▶ _Task to carry out_: Please restate the data that follows word for word, with the pictures left out.
BEGIN Dataset section
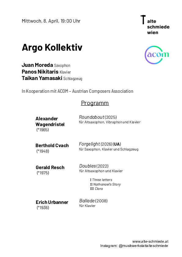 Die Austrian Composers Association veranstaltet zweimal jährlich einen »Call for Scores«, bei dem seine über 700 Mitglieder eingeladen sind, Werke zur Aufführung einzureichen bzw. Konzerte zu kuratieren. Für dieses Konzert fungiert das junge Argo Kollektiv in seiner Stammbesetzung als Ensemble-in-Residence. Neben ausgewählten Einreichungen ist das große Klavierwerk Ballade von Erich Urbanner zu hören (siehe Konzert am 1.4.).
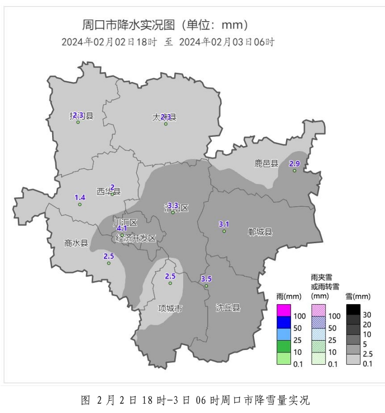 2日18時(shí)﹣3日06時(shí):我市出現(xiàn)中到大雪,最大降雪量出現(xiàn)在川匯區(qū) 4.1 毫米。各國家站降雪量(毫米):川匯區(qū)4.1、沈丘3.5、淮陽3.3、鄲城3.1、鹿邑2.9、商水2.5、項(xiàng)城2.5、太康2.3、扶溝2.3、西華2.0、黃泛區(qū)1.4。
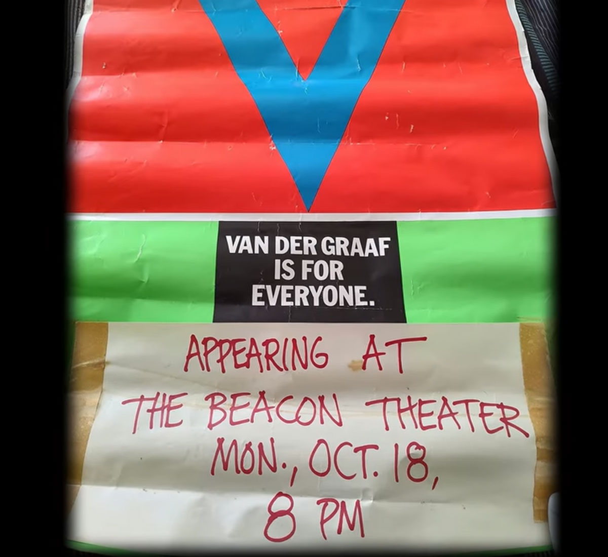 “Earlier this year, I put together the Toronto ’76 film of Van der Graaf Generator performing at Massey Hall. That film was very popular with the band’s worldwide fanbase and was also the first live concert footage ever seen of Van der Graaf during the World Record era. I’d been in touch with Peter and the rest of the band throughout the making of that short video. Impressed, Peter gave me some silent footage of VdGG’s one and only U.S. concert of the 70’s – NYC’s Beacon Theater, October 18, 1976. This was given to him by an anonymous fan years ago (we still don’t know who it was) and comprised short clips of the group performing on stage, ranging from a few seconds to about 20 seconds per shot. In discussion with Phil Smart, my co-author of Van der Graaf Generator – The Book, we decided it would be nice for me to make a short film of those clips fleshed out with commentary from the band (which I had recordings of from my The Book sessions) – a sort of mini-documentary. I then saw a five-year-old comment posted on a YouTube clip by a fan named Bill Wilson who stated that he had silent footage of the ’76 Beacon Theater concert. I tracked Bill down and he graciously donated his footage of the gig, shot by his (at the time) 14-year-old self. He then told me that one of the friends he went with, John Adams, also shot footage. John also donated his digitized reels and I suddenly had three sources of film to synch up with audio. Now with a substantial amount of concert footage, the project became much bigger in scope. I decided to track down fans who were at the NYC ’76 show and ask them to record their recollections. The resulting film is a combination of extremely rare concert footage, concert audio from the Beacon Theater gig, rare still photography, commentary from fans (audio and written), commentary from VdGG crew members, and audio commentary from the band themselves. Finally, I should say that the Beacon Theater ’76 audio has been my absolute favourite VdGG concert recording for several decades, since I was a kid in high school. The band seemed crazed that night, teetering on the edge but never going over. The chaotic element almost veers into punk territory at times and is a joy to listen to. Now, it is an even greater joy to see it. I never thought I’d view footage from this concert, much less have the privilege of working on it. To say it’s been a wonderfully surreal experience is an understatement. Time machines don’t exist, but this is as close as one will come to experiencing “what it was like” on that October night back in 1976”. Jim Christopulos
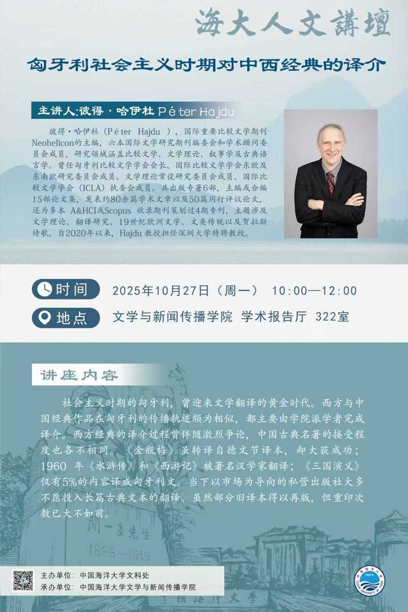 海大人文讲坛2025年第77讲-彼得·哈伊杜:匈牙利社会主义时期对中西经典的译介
END Dataset section
▶ _Result for this exercise_:
 Die Austrian Composers Association veranstaltet zweimal jährlich einen »Call for Scores«, bei dem seine über 700 Mitglieder eingeladen sind, Werke zur Aufführung einzureichen bzw. Konzerte zu kuratieren. Für dieses Konzert fungiert das junge Argo Kollektiv in seiner Stammbesetzung als Ensemble-in-Residence. Neben ausgewählten Einreichungen ist das große Klavierwerk Ballade von Erich Urbanner zu hören (siehe Konzert am 1.4.).
 2日18時(shí)﹣3日06時(shí):我市出現(xiàn)中到大雪,最大降雪量出現(xiàn)在川匯區(qū) 4.1 毫米。各國家站降雪量(毫米):川匯區(qū)4.1、沈丘3.5、淮陽3.3、鄲城3.1、鹿邑2.9、商水2.5、項(xiàng)城2.5、太康2.3、扶溝2.3、西華2.0、黃泛區(qū)1.4。
 “Earlier this year, I put together the Toronto ’76 film of Van der Graaf Generator performing at Massey Hall. That film was very popular with the band’s worldwide fanbase and was also the first live concert footage ever seen of Van der Graaf during the World Record era. I’d been in touch with Peter and the rest of the band throughout the making of that short video. Impressed, Peter gave me some silent footage of VdGG’s one and only U.S. concert of the 70’s – NYC’s Beacon Theater, October 18, 1976. This was given to him by an anonymous fan years ago (we still don’t know who it was) and comprised short clips of the group performing on stage, ranging from a few seconds to about 20 seconds per shot. In discussion with Phil Smart, my co-author of Van der Graaf Generator – The Book, we decided it would be nice for me to make a short film of those clips fleshed out with commentary from the band (which I had recordings of from my The Book sessions) – a sort of mini-documentary. I then saw a five-year-old comment posted on a YouTube clip by a fan named Bill Wilson who stated that he had silent footage of the ’76 Beacon Theater concert. I tracked Bill down and he graciously donated his footage of the gig, shot by his (at the time) 14-year-old self. He then told me that one of the friends he went with, John Adams, also shot footage. John also donated his digitized reels and I suddenly had three sources of film to synch up with audio. Now with a substantial amount of concert footage, the project became much bigger in scope. I decided to track down fans who were at the NYC ’76 show and ask them to record their recollections. The resulting film is a combination of extremely rare concert footage, concert audio from the Beacon Theater gig, rare still photography, commentary from fans (audio and written), commentary from VdGG crew members, and audio commentary from the band themselves. Finally, I should say that the Beacon Theater ’76 audio has been my absolute favourite VdGG concert recording for several decades, since I was a kid in high school. The band seemed crazed that night, teetering on the edge but never going over. The chaotic element almost veers into punk territory at times and is a joy to listen to. Now, it is an even greater joy to see it. I never thought I’d view footage from this concert, much less have the privilege of working on it. To say it’s been a wonderfully surreal experience is an understatement. Time machines don’t exist, but this is as close as one will come to experiencing “what it was like” on that October night back in 1976”. Jim Christopulos
 海大人文讲坛2025年第77讲-彼得·哈伊杜:匈牙利社会主义时期对中西经典的译介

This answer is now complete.